I always wonder if the life of the mind is under attack by the onslaught of media and the technology which delivers it. You see so many kids (and their parents) so focussed on keeping busy. But I always figure that the mind will eventually reclaim it's own (Word) as the busy generation starts to burn out and reflect a bit. Then again, maybe I'm still just a romantic -- from the Times:
Barry Loewer, the [Rutgers philosophy] department chairman, said that Rutgers started building its philosophy program in the late 1980s, when the field was branching into new research areas like cognitive science and becoming more interdisciplinary. He said that many students have double-majored in philosophy and, say, psychology or economics, in recent years, and go on to become doctors, lawyers, writers, investment bankers and even commodities traders.

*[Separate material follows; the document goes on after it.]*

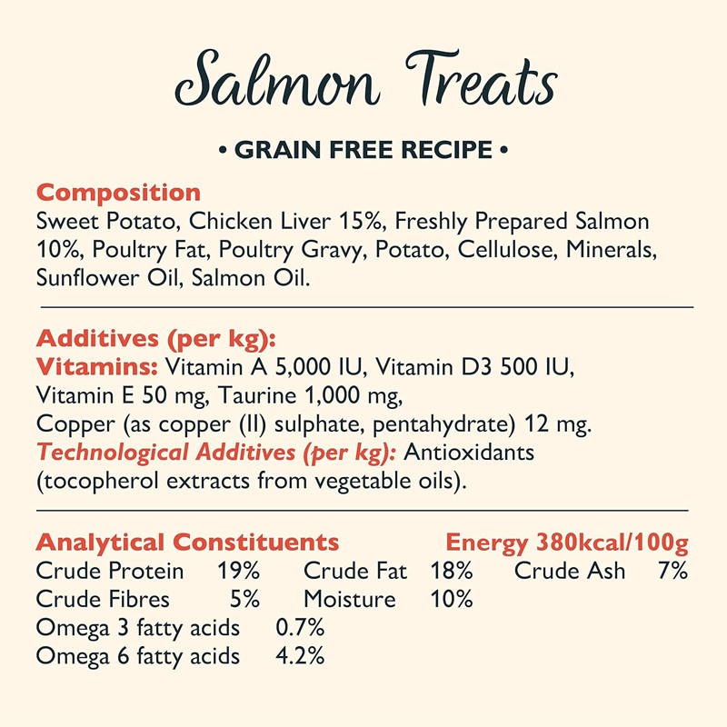 Samenstelling: Zoete Aardappel, Kippenlever 15%, Vers Bereide Zalm 10%, Gevogeltevet, Gevogeltejus, Aardappel, Cellulose, Mineralen, Zonnebloemolie, Zalmolie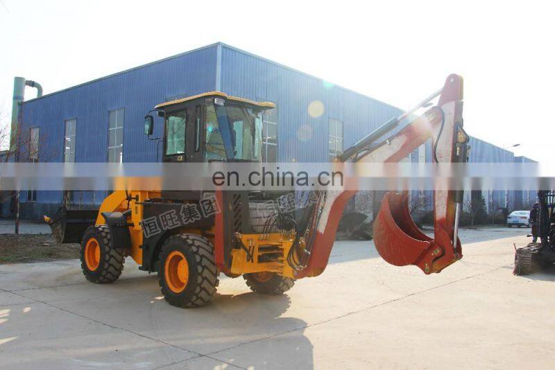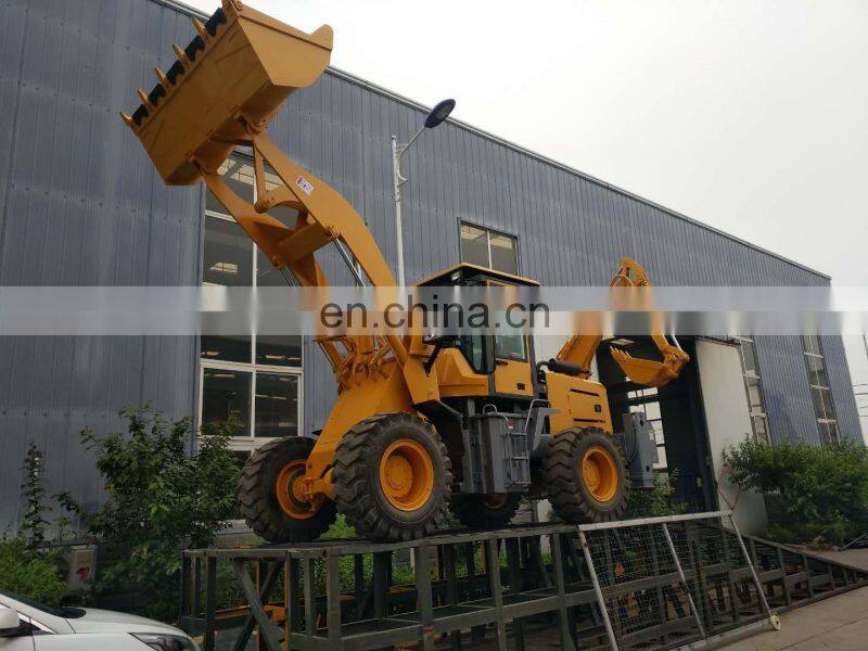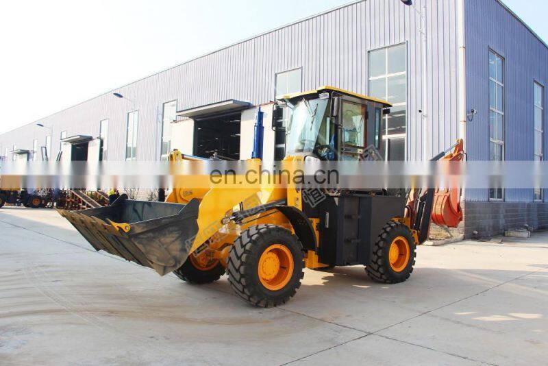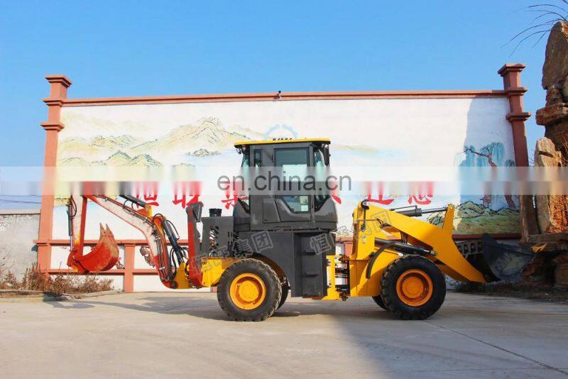 Multi-functional engineering machinery incorporating and loading into an organic whole. It adopts the complete machine is rationally distributed and compact; it is comfortable and convenient to handle, the turning radius is small and the cost performance is high. It is widely used in municipal administration, the construction of projects such as the building, the oil field, water conservancy, the forest farm, the military project, and so on.China hydraulic backhoe loader mini wheel loader digger

As the approach has changed, philosophy has attracted students with little interest in contemplating the classical texts, or what is known as armchair philosophy. Some, like Ms. Onejeme, the pre-med-student-turned-philosopher, who is double majoring in political science, see it as a pre-law track because it emphasizes the verbal and logic skills prized by law schools — something the Rutgers department encourages by pointing out that their majors score high on the LSAT.

Other students said that studying philosophy, with its emphasis on the big questions and alternative points of view, provided good training for looking at larger societal questions, like globalization and technology.
OK, philosophy as a means rather than an end. At least it's a start.